Im lucky in the sense I can also tell immediately if something has nuts in by an electric shock sensation in my tongue so can immediately medicate/spit it out etc depending on severity of episode. I've self managed and take full responsibility. Ive never went out to eat and said "i have a nut allergy" mainly because Im stupid, but also because I dont like people knowing! A recent DP and family meal out, DP had phoned ahead to see what the menu was like thinking of me and the fact I cant eat nuts and mentioned I had an allergy when he booked the table, When the party arrived a lady shouted infront of everyone "whose the one allergic to nuts?" Que me going bright red and she then proceeded to WRITE IT ON THE PLACEMAT!! I was not very happy about this and commented and it was down to "their insurance" Made me laugh to think Ive managed to keep myself alive for 28 years without this kind of treatment!

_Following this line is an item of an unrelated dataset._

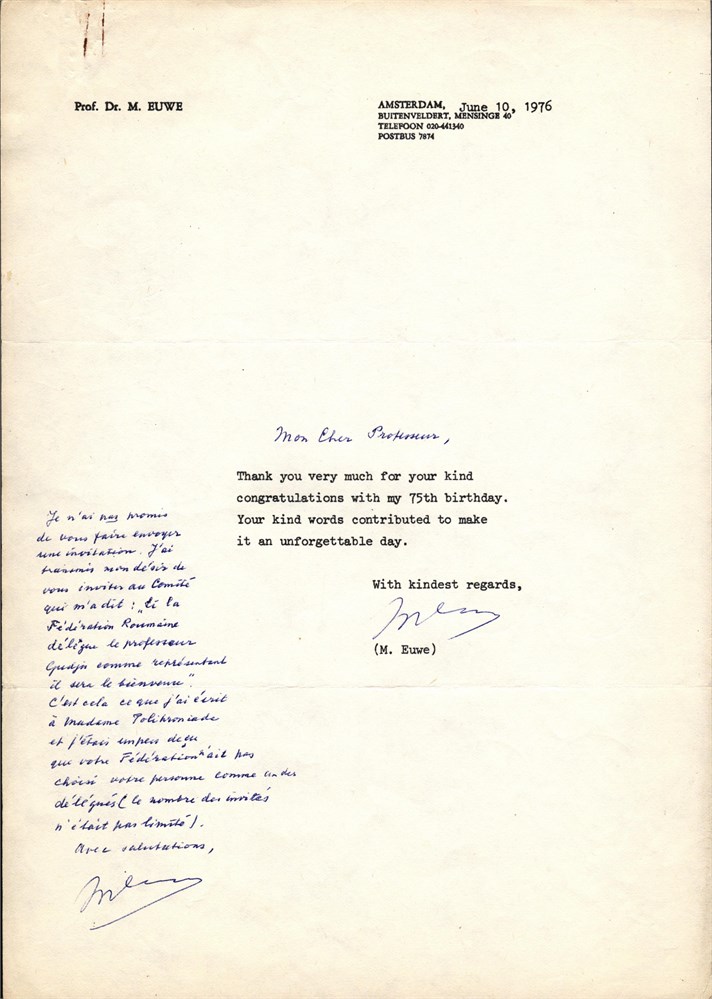 Letter from Max EUWE, President of F.I.D.E., to Ion GUDJU, founder member of F.I.D.E., dated "Amsterdam, June 10, 1976", size A4, with en-tete of Euwe, one side type-written, with much text hand-written and signed in original by Euwe. In French. Condition: good. [SM.01.006]

My DP thinks im insane but my reasoning is simple. Everyone is that scared of being sued they say "may have nuts in" on anything. This means you either 1) dont eat anything ever again 2) potentially die everytime you eat. So you cant actually listen to anyone!

OP - Why would the nursery give another child your childs breakfast Nuts isnt the only allergy?! What if the child who gets your childs breakfast by mistake has a severe reaction!? ITs a bit silly really.

Signet2012 Tue 06-Sep-11 23:07:43

Severe milk allergy and has a reaction - that should say!!